◆ **Task requirements**
When you reproduce the listing, keep every word as it is and drop the pictures.

◆ **Raw data**

__________

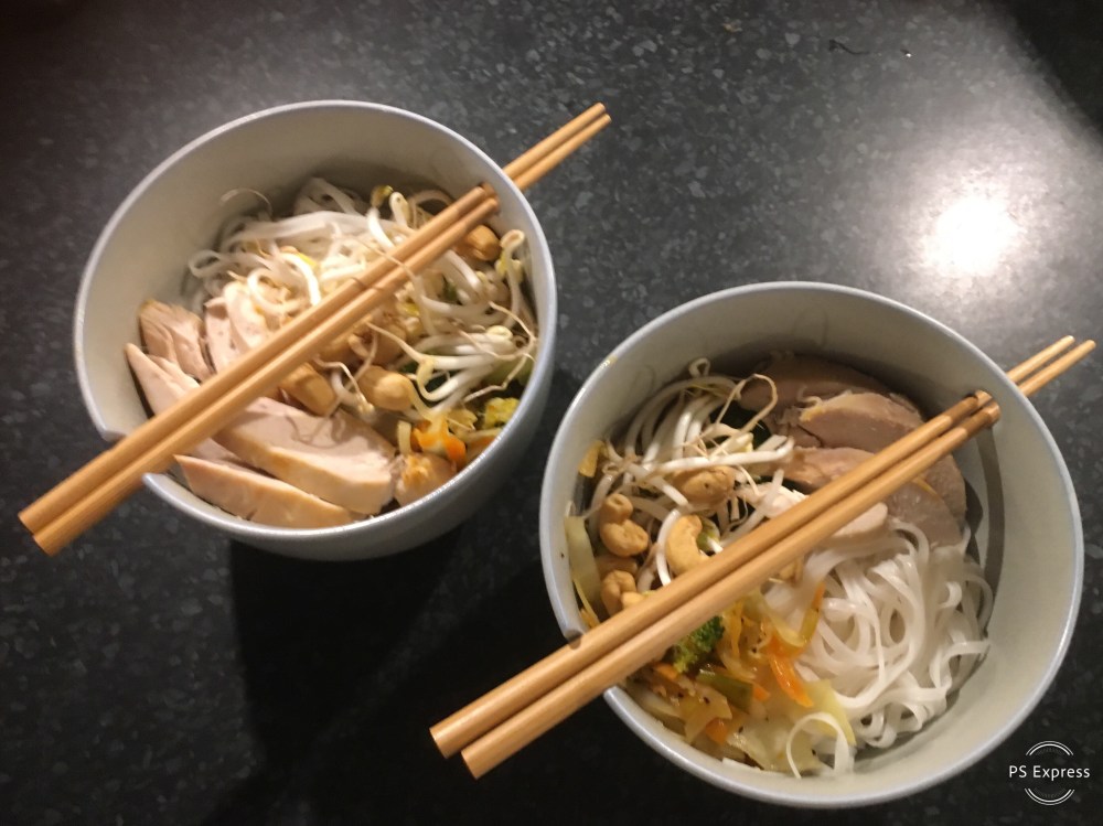 Skär kycklingen i tunna skivor. Lägg upp i skålar. Börja med nudlarna.
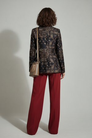 Raffinata e contemporanea, questa giacca è il capo ideale per chi ama distinguersi con stile. Realizzata in un morbido tessuto strutturato, questa giacca nera presenta una fantasia paisley sofisticata nei toni del marrone e nero che unisce eleganza e personalità.
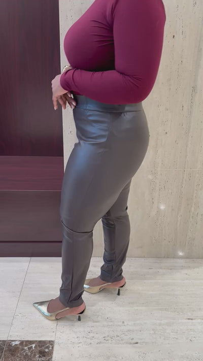 Crafted from a soft, stretchy 100% polyester blend with a coated finish, they balance structure and comfort effortlessly. The high-rise waistband holds you in, while the subtle sheen gives that rich, elevated edge that defines the Leather + Layers collection.

__________

◆ **Finished task**
 Skär kycklingen i tunna skivor. Lägg upp i skålar. Börja med nudlarna.
 Raffinata e contemporanea, questa giacca è il capo ideale per chi ama distinguersi con stile. Realizzata in un morbido tessuto strutturato, questa giacca nera presenta una fantasia paisley sofisticata nei toni del marrone e nero che unisce eleganza e personalità.
 Crafted from a soft, stretchy 100% polyester blend with a coated finish, they balance structure and comfort effortlessly. The high-rise waistband holds you in, while the subtle sheen gives that rich, elevated edge that defines the Leather + Layers collection.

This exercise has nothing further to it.